Specifically, the DeSantis vaccination mandate ban includes cruise lines – a policy that MSNBC's Chris Hayes has described as the "single most insane Covid policy we have ever seen." However, a federal judge ruled earlier this week that there is nothing in Florida to stop cruise lines from asking for proof of vaccination.

The DeSantis mask ban is also being challenged by parents in court and ignored by at least one school authority. DeSantis responded that the Florida Board of Education may withhold paychecks from board members and administrators enforcing mask mandates, which in turn has led the White House to suggest that it might attempt to intervene. (On Thursday, the DeSantis administration withdrew from threats to withhold payment.)

Biden indirectly targeted DeSantis during a speech earlier this month, saying, "Only two states, Florida and Texas, account for a third of all new Covid-19 cases in the entire country. We need everyone's leadership … I tell these governors, please help, but if you don't want to help, at least get out of the way. "

"Only two states, Florida and Texas, account for a third of all new Covid-19 cases in the whole country. We need the leadership of all of them … I tell these governors, please help, but if you don't go" around help at least get out of the way "- Biden

– Aaron Rupar (@atrupar) August 3, 2021

It was announced on Thursday that just a few days after Florida's school year, 440 students in Palm Beach County had been quarantined for exposure to Covid-19. And Friday morning brought reports of four Broward County teachers dying of Covid in a single day.

But DeSantis seems undeterred.

“It's in the air.
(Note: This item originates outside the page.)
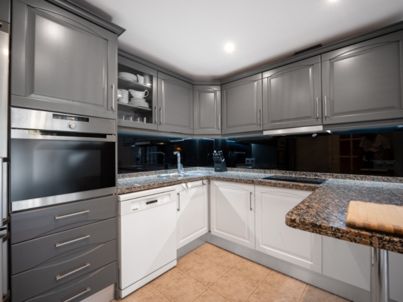 Upstairs, three double bedrooms each have ensuite bathrooms and plenty of storage. The master suite includes a private terrace with garden views. All bathrooms feature underfloor heating and elegant marble finishes.
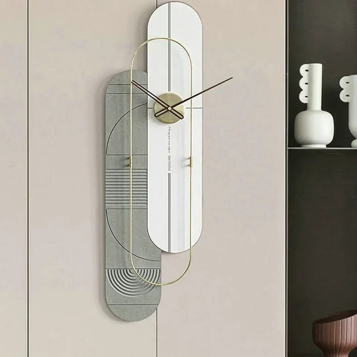 این ساعت دیواری مدرن و عمودی با طراحی خاص دو رنگ (سفید و سرمهای تیره/خاکستری) و فریم فلزی ظریف، جلوهای مینیمال و شیک به دیوار شما میبخشد. ترکیب رنگی و طراحی عمودی آن، این ساعت را به یک اثر هنری مدرن تبدیل کرده است که برای فضاهای خاص و امروزی بسیار مناسب است.

It's aerosolized, ”he said on Thursday about the Delta variant. "So we just have to understand when this happens, these waves are something to just grapple with."

DeSantis spokeswoman Christina Pushaw, in an email to Vox, dismissed research linking mask mandates to reducing the spread of Covid-19, writing, "Governor DeSantis will continue to protect individual rights from unscientific mandates, promoted by exaggerated politicians who desperately want to give the appearance of "doing" something "even if it has no effect."
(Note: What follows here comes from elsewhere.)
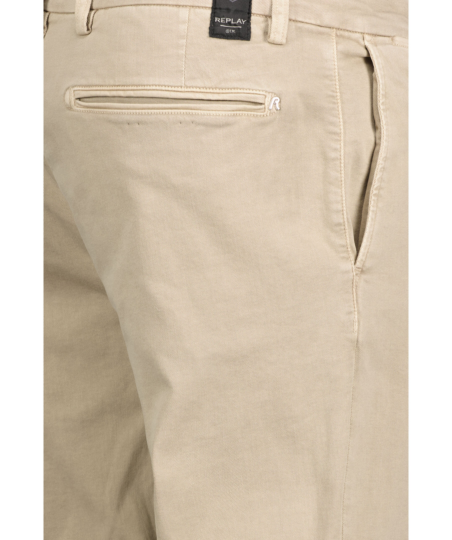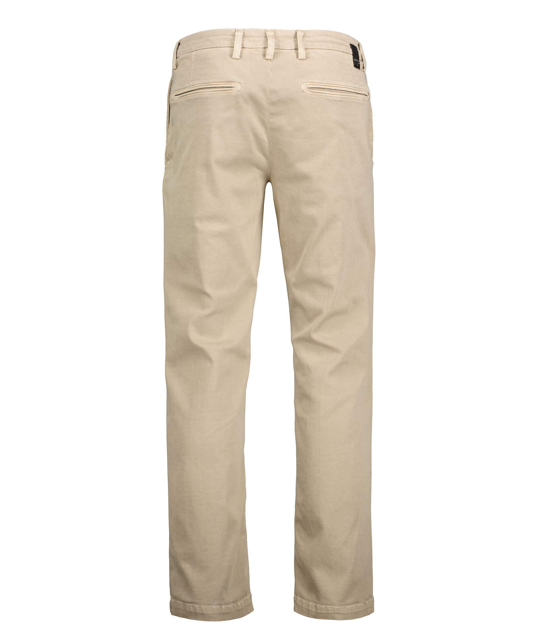 Mörkt sandfärgade chinos från Replay. Fem fickor, dragkedja i gylfen och hällor för skärp. Hyperflex modell. Tillverkade i stretchig bomullsblandning. Jeansen är lite stora i storlek, vi rekommenderar att gå ner en storlek för bäst passform.

DeSantis doesn't seem big on self-reflection

What explains DeSantis' stubborn refusal to recognize the gravity of the surge in the Covid case in Florida and to stop working against public health best practices? The answer to that question is up for debate, but one factor could be the belief that reversing course would undermine his brand as governor, who pinned it to the Libs by giving the Dr. Faucis wrinkled a nose at the world. This brand established DeSantis as the non-Trump frontrunner for the 2024 Republican presidential nomination.

After all, DeSantis was selling “Don't Fauci My Florida” merchandise on its website just last month.
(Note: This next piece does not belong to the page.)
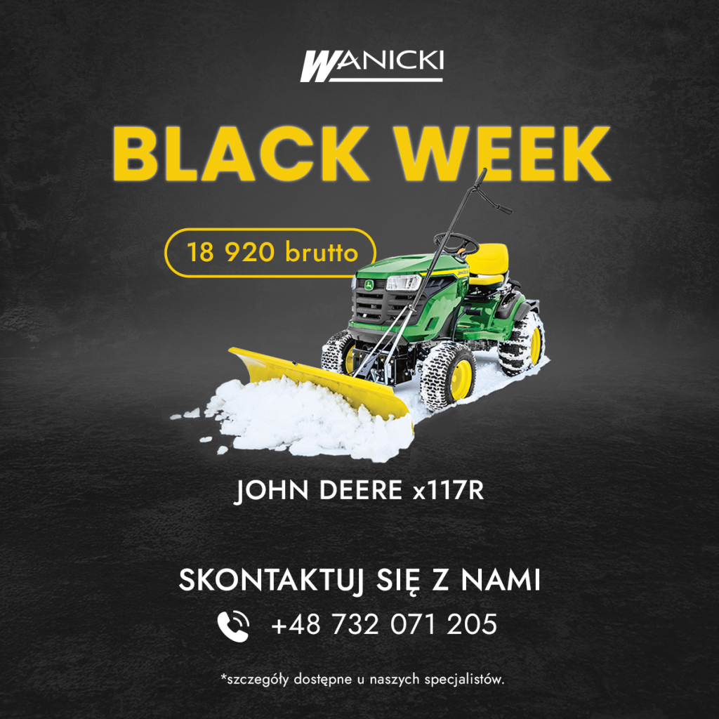 - ✅ John Deere X117R (z pługiem i łańcuchami) – 18 920 zł brutto

Since Fauci has conducted local and national interviews skilfully criticizing DeSantis' policies, DeSantis has continued to downplay the surge, saying last week that "this is our COVID season". Meanwhile, hospitals across the state are reporting "unprecedented" waiting times for beds.

Pointing to the fact that Covid-19 hospital admissions have declined in the Jacksonville area this week, Press Secretary Pushaw wrote to Vox, “COVID cases in areas of the state hit earliest in this wave, such as Jacksonville , have already started their decline as predicted – with no government agency mandating non-pharmaceutical interventions. "

"Governor DeSantis continues to support vaccination against Covid-19 and promote monoclonal antibody treatment for anyone who tests positive and is at risk of serious illness from Covid-19," she continued.

It is possible for Floridians to adjust their behavior and / or get vaccinated if the news gets worse, if they haven't already, causing new cases to trend back down. But even in this scenario, the fact remains that, by working steadfastly with public health experts, DeSantis has made Florida's Covid-19 problem worse than it had to be.

Update, August 13, 4:40 p.m .: Updated to include commentary from DeSantis' office and the Florida Department of Health.